Светлый фон

Переводясь на язык нейтрализующей различия эклектики и постоянно апеллируя к «исторической России», прошедшая сквозь период распада и потери значительной части территории история Российской империи и СССР превращается в символическое сырье, необходимое для создания воображаемой Империи памяти, наделяющей реальную Российскую Федерацию не только политической субъектностью и суверенным единством, но и национальной идеей. Механизм дискурсивного собирания этой Империи памяти состоит в последовательной канализации множества этнокультурных коммемораций, которые получают дополнительный импульс к развертыванию благодаря такой идеологической конструкции, как «единство в многообразии», чрезвычайно важной для современной российской политики национальной идентичности. Концепт «единства в многообразии», регулярно звучащий и в выступлениях российских государственных лидеров, и в работах маститых российских ученых, призван примирить в единстве федерации ее имперское прошлое и многонациональное настоящее.

Для реализации этой задачи задействуется довольно изящная (одновременно простая и эффективная) историческая политика, согласно которой единство новой национальной идентичности обосновывается не через лобовое отрицание культурных, этнических, конфессиональных и других различий, а через диалектическое снятие их субверсивного потенциала, обезоруживаемого через обращение к идее общего для всех исторического опыта. В свою очередь, этот опыт описывается как «процесс взаимного привыкания, взаимного проникновения, смешивания народов на семейном, на дружеском, на служебном уровне»[1018]. Такая конструкция создает удобный и легкий маршрут канализации социальной энергии постколониальной идентификации: предлагаемая ею политическая мнемотехника создает коллективную память о прошлом, которая хотя и опознается как наконец достигнутое возвращение к истокам локальных традиций, но при этом ведет в «общий дом» многонациональной Российской империи/Федерации. Таким образом, колониальное наследие оказывается позитивно вписано в политический проект Империи памяти, субъектами которой объявляются все народы, входящие в российскую «полиэтническую цивилизацию, скрепленную русским культурным ядром» (Путин).

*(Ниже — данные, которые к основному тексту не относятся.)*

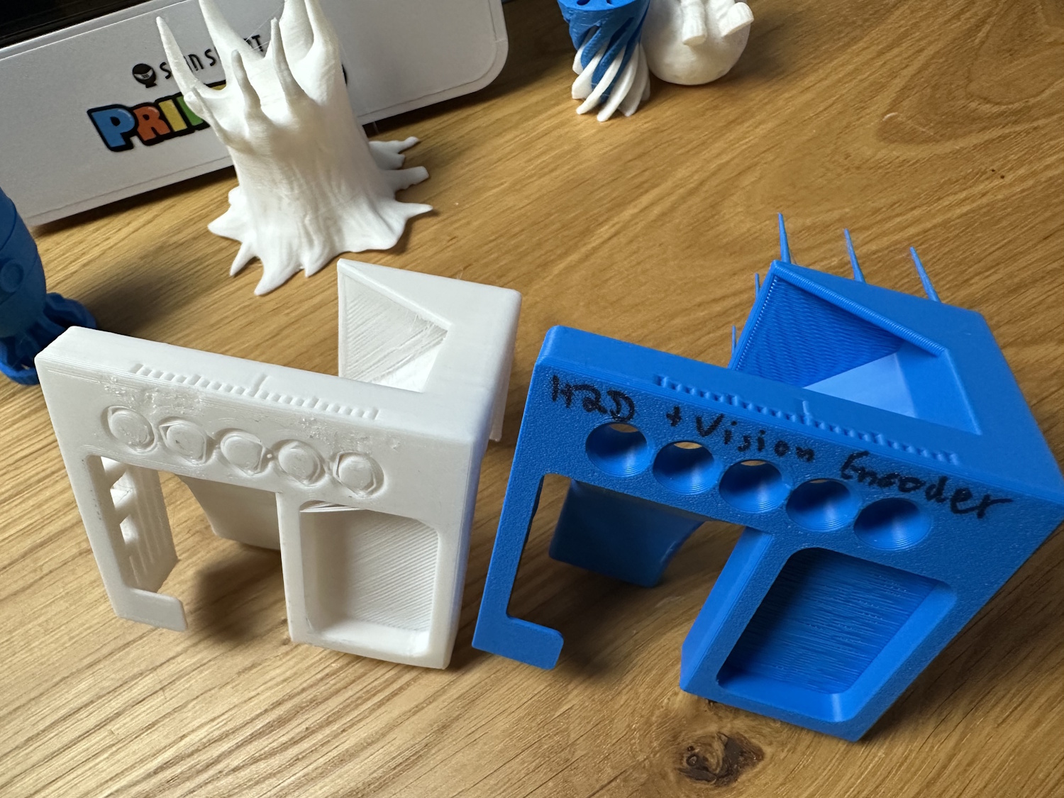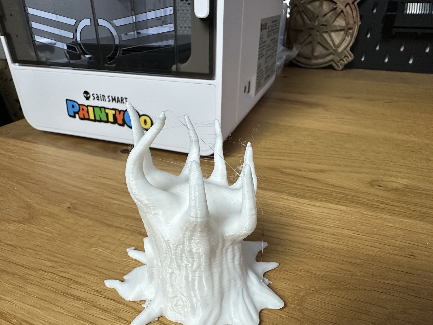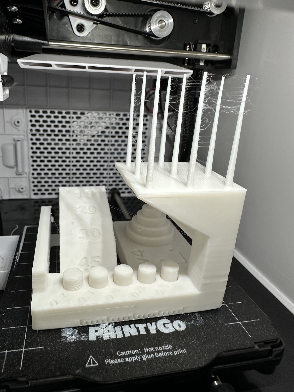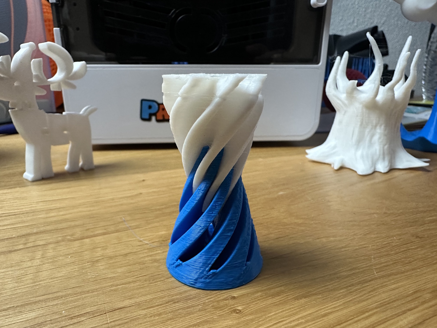 Beim Drucken von Überhängen sieht man auch viele lose Filamentstreifen, die von Kidoodle kurierten Modelle kaschieren dies aber gut, weil sie oft keine Überhänge nötig haben. Stringing hatten beide Drucker oben in den Spitzen, trocknen des Filaments hätte vermutlich eine Verringerung zur Folge.

Историческая политика, являясь формой политической инструментализации прошлого, в то же время становится и формой исторической легитимации настоящего, закрепления существующего status quo. Она работает как фигура двойной нейтрализации (культурных различий и социальных антагонизмов): историческая политика нейтрализует историю, политически дистиллированная история нейтрализует политическое как таковое. Память о прошлом редуцируется к императиву «укреплять наше „историческое государство“, доставшееся нам от предков»[1019]. Выполняя эту задачу, историческая политика, отстаивая интересы России на внешних рубежах, делает прошлое «ареной битв», тогда как ее внутренняя повестка делает его «местом отдыха».